そんな著者の生い立ちや素顔に興味津々の読者もいらっしゃるだろう。自分について語るのがためらわれるのは、「自分本位になるのを恐れるからであり、また、私にはうまくいくことが誰にでも効き目があるという、誤った印象を与えたくないからでもある。遺伝子やニューロン、経歴、ダルマは人それぞれで、私ならではの特性を誰もが共有してはいないことを、十分承知している。だが、私がどんな色の眼鏡を通して世の中を眺めているか、そして、そのせいで私のビジョンや著述がどのように歪められているかを、読者に知ってもらうのは、良いことなのかもしれない」と、やはりここでも謙虚そのものの前置きをしながらも、前二作に比べると、本書で著者は自身について、はるかに多くを語っている。
そこからは、著者の飾らない人柄が伝わってくる。
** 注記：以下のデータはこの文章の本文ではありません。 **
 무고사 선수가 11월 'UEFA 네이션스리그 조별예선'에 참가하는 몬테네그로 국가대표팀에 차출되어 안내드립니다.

「ティーンエイジャーだった頃の私は、絶えず悶々としていた。世の中というものが少しも理解できず、人生について抱いていた大きな疑問の数々に、答えがまったく見出せなかった。とくに、この世界や私自身の人生にはどうしてこれほど多くの苦しみがあるのか、そして、それについて何ができるのか、わからなかった」。著者ほどの識者でも一〇代のときには悩んでいたというのには、ある意味、ほっとするが、すでに自分自身だけではなく世界にも目が向いているのはさすがだし、そこから真実の探求に向かったところが、簡単には真似できない。やがて友人の粘り強い勧めに従ってヴィパッサナー瞑想に出合い、「二〇〇〇年に初めて講習を受けて以来、毎日二時間瞑想するようになり、毎年一か月か二か月、長い瞑想修行に行く」というのだから、やはり常人ではない。
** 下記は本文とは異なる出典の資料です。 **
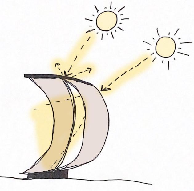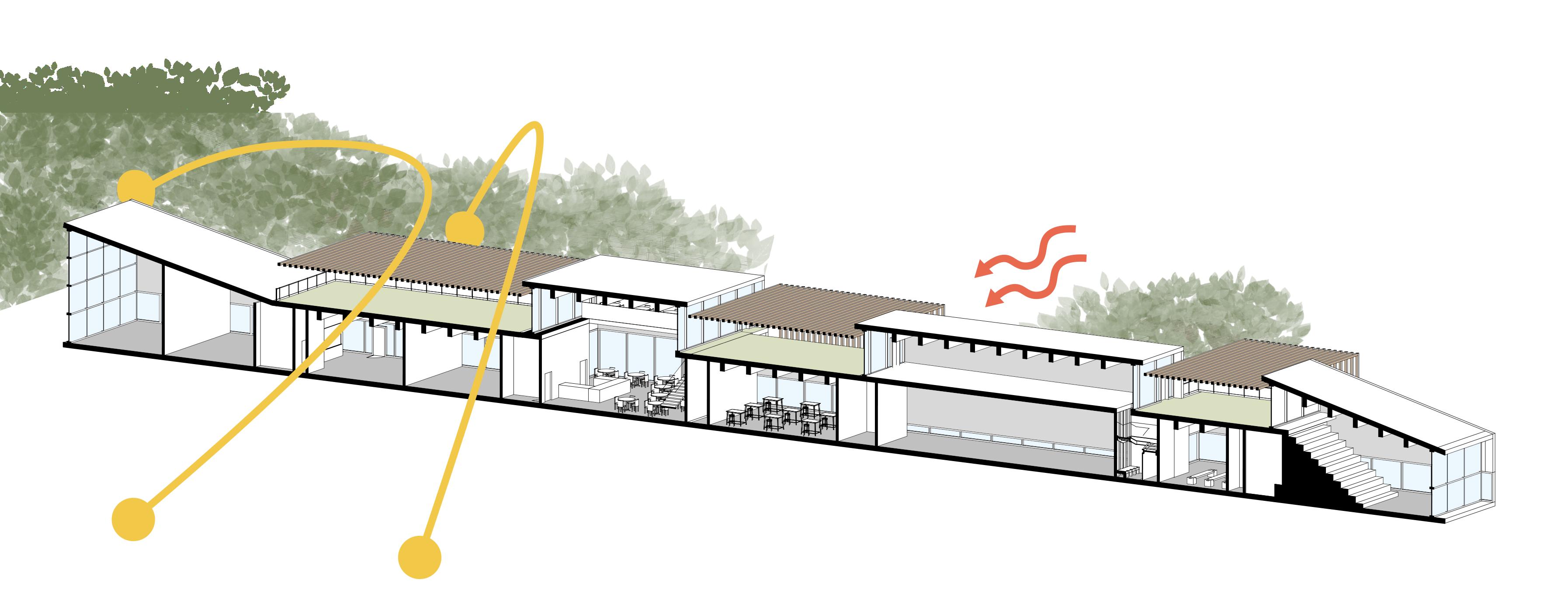 LIGHT - the overlapping of the two walls of the pod along with the pentagon-shaped overhang/connecting force aim to shade from high summer sun and allow lower winter sun to warm the space.

達観しているように見える著者は、人類の将来に非現実的な期待を抱いてはいないが、絶望もしていない。人間が真実を歪めて生み出す物語は「みな、私たち自身の心が生み出した虚構であるとはいえ、絶望する理由はない。現実は依然としてそこにある」、「虚構の物語をすべて捨て去ったときには、以前とは比べ物にならないほどはっきりと現実を観察することができ、自分とこの世界についての真実を本当に知ったなら、人は何があっても惨めになることはない」と著者は請け合う。
ただし、本書のところどころから切迫感が伝わってくる。今月、著者と本書の訳について電子メールでやりとりしていたときに、日本の暑さを伝えると、「こちらも暑いが、イスラエルの夏はいつもそうだ。それでも、二日ばかり気温が摂氏四五度を超えた。さすがにこれは異常で、懸念される」という返事をいただいた。著者は気候変動による生態系の崩壊を、技術的破壊や核戦争と並んで、「人間の文明の将来を脅かすほど深刻」な難題と捉えているし、「情報テクノロジー(IT)とバイオテクノロジーにおける双子の革命」と自由主義の危機が同時に起こって現代社会を窮地に陥れていると見ている。
それらの問題を解決し、本書で提示した「問いに答えようとするのは、あまりにも野心的に思えるかもしれないが、ホモ・サピエンスは待ってはいられない。哲学も宗教も科学も、揃って時間切れになりつつある」、「哲学者というのは恐ろしく辛抱強いものだが、それに比べると技術者はずっと気が短く、投資家はいちばん性急だ。もしあなたが、生命を設計する力をどう使うべきかわからなかったとしても、答えを思いつくまで、市場の需要と供給の原理は一〇〇〇年も待っていてはくれない」、「本書は、人々が好きなことを考え、望むとおりに表現することが、依然として比較的自由にできる時代にだけ書きえた点は、心に留めておいてほしい」というふうに、悠長には構えていられないことを著者は繰り返し訴え、「あと数年あるいは数十年は、私たちにはまだ選択の余地が残されている。努力をすれば、私たちは自分が本当は何者なのかを、依然としてじっくり吟味することができる。だが、この機会を活用したければ、今すぐそうするしかないのだ」と結んでいる。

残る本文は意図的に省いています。